■ **WHAT THE EXERCISE ASKS**
Transcribe the data exactly. Pictures stay out.

(Items from a data source)

::::::::::

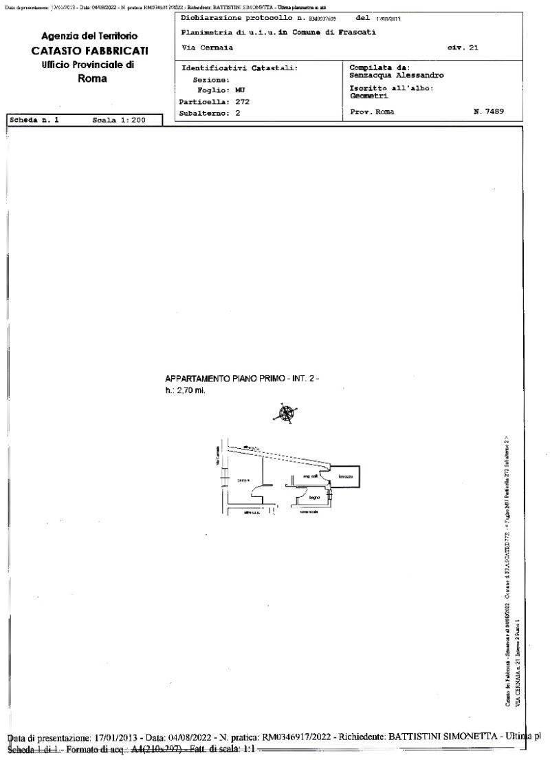 APPARTAMENTO FRASCATI VIA CERNAIA
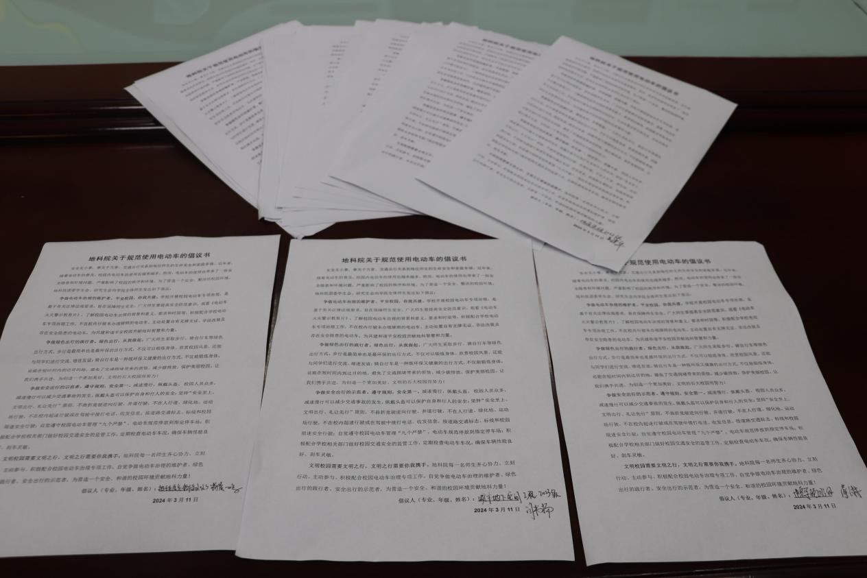 “安全無小事,事關千萬家。交通出行關系到每位師生的生命安全和家庭幸福?!陛o導員程鑫宣讀了《地科院關于規范使用電動車的倡議書》。在座同學紛紛在倡議書上簽名。
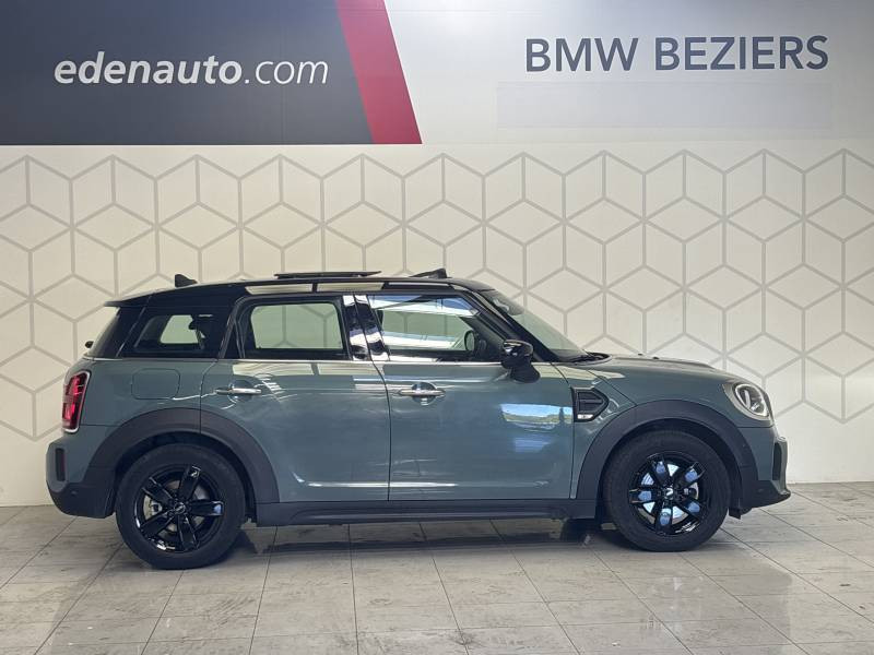 2HP de graves sous les sièges AV / 3ème feu stop à LED dans le spoiler de toit / 4 anneaux d'arrimage dans le coffre / 4HP de médiums dans les portes AV/AR / Airbags de tête pour les 4 places extérieures / Apple CarPlay à durée illimitée / Avertisseur sonore / Baguette en chrome sur le pourtour inférieur de toutes les vitres / Banquette AR coulissante Réglage longitudinal des sièges AR sur 13 cm / division 60:40 de la surface d'assise. Dossier rabattable 40:20:40. Réglage du dossier en positions Cargo et Confort / Boîte de vitesses automatique à double embrayage à 7 rapports / Buses de lave-glace et rétroviseurs extérieurs dégivrants / Cerclage de la calandre en chrome et 3 barres de calandre en Schwarz à haute brillance / Clignotants blancs / Colour Line Carbon Black / Comprend instrument central avec anneau à LED / Connectivité avancée et recharge sans fil par induction / Contrôle Dynamique de stabilité DSC / Coques de rétroviseurs dans la teinte de la carrosserie / Countryman en lettres uniques chromées au centre au hayon / désignation de la motorisation / DAB Tuner / Détecteur de pluie et allumage automatique des projecteurs / Dossier de banquette AR / rabattable en trois parties 40:20:40 / Eclairage de la boîte à gants à LED (blanc) / Eclairage intérieur et liseuses à LED à l'AV/à l'AR (blanc) / 8 / Ecrous de roues antivol / Feux AR à LED avec design Union Jack / Feux de stop dynamiques / Fixation ISOFIX AV avec désactivation de l'airbag passager AV / Frein à main électrique / Indicateur de pressions des 4 pneus et avertisseur automatique en cas de perte de pression d'au moins 25% sur un des pneus / Inserts décoratifs Piano Black / Instrumentation digitale avancée / Jantes en alliage 17 design Channel Spoke Black 7.5 J × 17 / pneumatique 225/55 R 17 / Kit de réparation de pneus / Kit Eclairage / Kit Rangement / MINI Connected / MINI Driving Modes / MINI Excitement package / MINI Safety (Assistance à la conduite) / Nouvelle instrumentation digitale avancée / Ordinateur de bord multifonctions / Performance Control / Poignée de hayon en piano black / Poignées de portes en chrome / Poignées intérieures de portes chromées / Points d'ancrage pour jusqu'à deux sièges enfants ISOFIX sur la banquette arrière / Porte-boissons (2) / Prise 12 V dans la console centrale AV / Projecteurs Full LED à faisceaux adaptatifs à fond noir / Réglage électrique des sièges avec fonction mémoire / Réglage en hauteur du siège passager AV / Remote Services (3 ans) / Rétroviseur intérieur anti-éblouissement électrochrome / Rétroviseurs rabattable électriquement et fonction anti-éblouissement côté conducteur / RTTI (Info Trafic en temps réel / 3 ans) / Sellerie Tissu Firework / Sidescuttle en noir / avec clignotant blanc / Sièges AV Sport avec Sellerie Similicuir Black / Sortie d'echappement simple côté gauche avec finition chromée / Système de haut-parleurs Hifi Harman/Kardon / Système de manoeuvres automatiques avec radars de stationnement AV/AR / Système de navigation MINI avec écran tactile 8 / 8 / Système de verrouillage centralisé / Tapis de sol en velours / Teinte de carrosserie métallisée - Sage Green Metallic / TeleServices / Toit ouvrant panoramique en verre / Touches multifonctions sur le volant avec régulateur de vitesses / Triangle de présignalisation / Tuner DAB / Volant Sport gainé Cuir
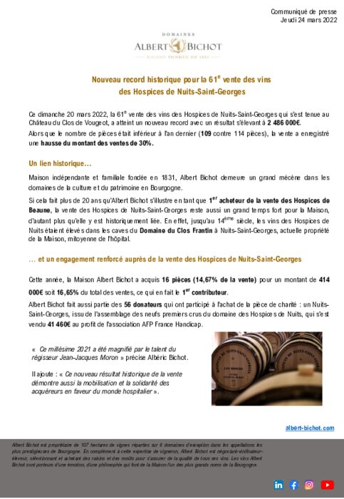 Métiers 24 mars 2022 - 12:44 Alors que le nombre de pièces était inférieur à l’an dernier (109 contre 114 pièces), la vente a enregistré une hausse du montant des ventes de 30%. PDF (114 Ko) Télécharger
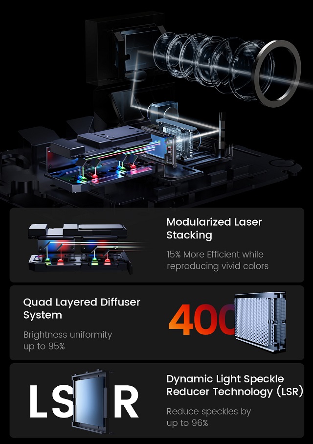 Với 9 chế độ sáng được áp dụng cho cơ sở ánh sáng nhỏ gọn chưa từng có, đây là một bước đột phá lớn của công nghệ laser giúp nâng cao tiêu chuẩn về độ sáng, với màu sắc vượt xa các nguồn đèn LED và laser khác đồng thời đạt được hiệu quả tốt hơn các nguồn laser ba màu khác.
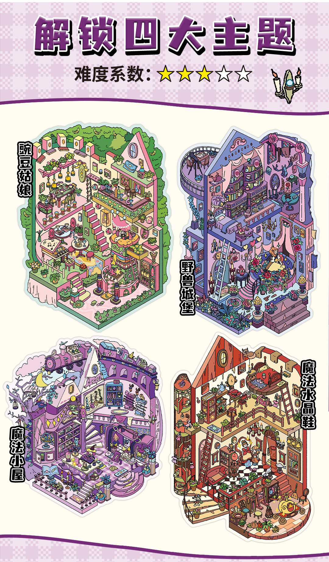 | Colores | Cabaña mágica,Zapatos de cristal mágico,Castillo de la bestia,Chica guisante |
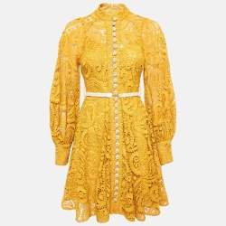 فستان ميني زيمرمان بطبعة وردية/صفراء كتان مزخرف بقصة مكشوفة مقاس متوسط (ميديوم)
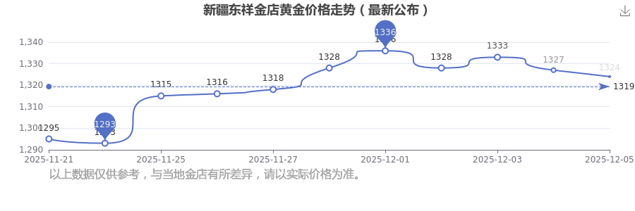 1324.0元/克的黃金價(jià)格,是新疆東祥金店在 2025年12月7日給出的。

::::::::::

■ **RESPONSE TO THE TASK**
 APPARTAMENTO FRASCATI VIA CERNAIA
 “安全無小事,事關千萬家。交通出行關系到每位師生的生命安全和家庭幸福?!陛o導員程鑫宣讀了《地科院關于規范使用電動車的倡議書》。在座同學紛紛在倡議書上簽名。
 2HP de graves sous les sièges AV / 3ème feu stop à LED dans le spoiler de toit / 4 anneaux d'arrimage dans le coffre / 4HP de médiums dans les portes AV/AR / Airbags de tête pour les 4 places extérieures / Apple CarPlay à durée illimitée / Avertisseur sonore / Baguette en chrome sur le pourtour inférieur de toutes les vitres / Banquette AR coulissante Réglage longitudinal des sièges AR sur 13 cm / division 60:40 de la surface d'assise. Dossier rabattable 40:20:40. Réglage du dossier en positions Cargo et Confort / Boîte de vitesses automatique à double embrayage à 7 rapports / Buses de lave-glace et rétroviseurs extérieurs dégivrants / Cerclage de la calandre en chrome et 3 barres de calandre en Schwarz à haute brillance / Clignotants blancs / Colour Line Carbon Black / Comprend instrument central avec anneau à LED / Connectivité avancée et recharge sans fil par induction / Contrôle Dynamique de stabilité DSC / Coques de rétroviseurs dans la teinte de la carrosserie / Countryman en lettres uniques chromées au centre au hayon / désignation de la motorisation / DAB Tuner / Détecteur de pluie et allumage automatique des projecteurs / Dossier de banquette AR / rabattable en trois parties 40:20:40 / Eclairage de la boîte à gants à LED (blanc) / Eclairage intérieur et liseuses à LED à l'AV/à l'AR (blanc) / 8 / Ecrous de roues antivol / Feux AR à LED avec design Union Jack / Feux de stop dynamiques / Fixation ISOFIX AV avec désactivation de l'airbag passager AV / Frein à main électrique / Indicateur de pressions des 4 pneus et avertisseur automatique en cas de perte de pression d'au moins 25% sur un des pneus / Inserts décoratifs Piano Black / Instrumentation digitale avancée / Jantes en alliage 17 design Channel Spoke Black 7.5 J × 17 / pneumatique 225/55 R 17 / Kit de réparation de pneus / Kit Eclairage / Kit Rangement / MINI Connected / MINI Driving Modes / MINI Excitement package / MINI Safety (Assistance à la conduite) / Nouvelle instrumentation digitale avancée / Ordinateur de bord multifonctions / Performance Control / Poignée de hayon en piano black / Poignées de portes en chrome / Poignées intérieures de portes chromées / Points d'ancrage pour jusqu'à deux sièges enfants ISOFIX sur la banquette arrière / Porte-boissons (2) / Prise 12 V dans la console centrale AV / Projecteurs Full LED à faisceaux adaptatifs à fond noir / Réglage électrique des sièges avec fonction mémoire / Réglage en hauteur du siège passager AV / Remote Services (3 ans) / Rétroviseur intérieur anti-éblouissement électrochrome / Rétroviseurs rabattable électriquement et fonction anti-éblouissement côté conducteur / RTTI (Info Trafic en temps réel / 3 ans) / Sellerie Tissu Firework / Sidescuttle en noir / avec clignotant blanc / Sièges AV Sport avec Sellerie Similicuir Black / Sortie d'echappement simple côté gauche avec finition chromée / Système de haut-parleurs Hifi Harman/Kardon / Système de manoeuvres automatiques avec radars de stationnement AV/AR / Système de navigation MINI avec écran tactile 8 / 8 / Système de verrouillage centralisé / Tapis de sol en velours / Teinte de carrosserie métallisée - Sage Green Metallic / TeleServices / Toit ouvrant panoramique en verre / Touches multifonctions sur le volant avec régulateur de vitesses / Triangle de présignalisation / Tuner DAB / Volant Sport gainé Cuir
 Métiers 24 mars 2022 - 12:44 Alors que le nombre de pièces était inférieur à l’an dernier (109 contre 114 pièces), la vente a enregistré une hausse du montant des ventes de 30%. PDF (114 Ko) Télécharger
 Với 9 chế độ sáng được áp dụng cho cơ sở ánh sáng nhỏ gọn chưa từng có, đây là một bước đột phá lớn của công nghệ laser giúp nâng cao tiêu chuẩn về độ sáng, với màu sắc vượt xa các nguồn đèn LED và laser khác đồng thời đạt được hiệu quả tốt hơn các nguồn laser ba màu khác.
 | Colores | Cabaña mágica,Zapatos de cristal mágico,Castillo de la bestia,Chica guisante |
 فستان ميني زيمرمان بطبعة وردية/صفراء كتان مزخرف بقصة مكشوفة مقاس متوسط (ميديوم)
 1324.0元/克的黃金價(jià)格,是新疆東祥金店在 2025年12月7日給出的。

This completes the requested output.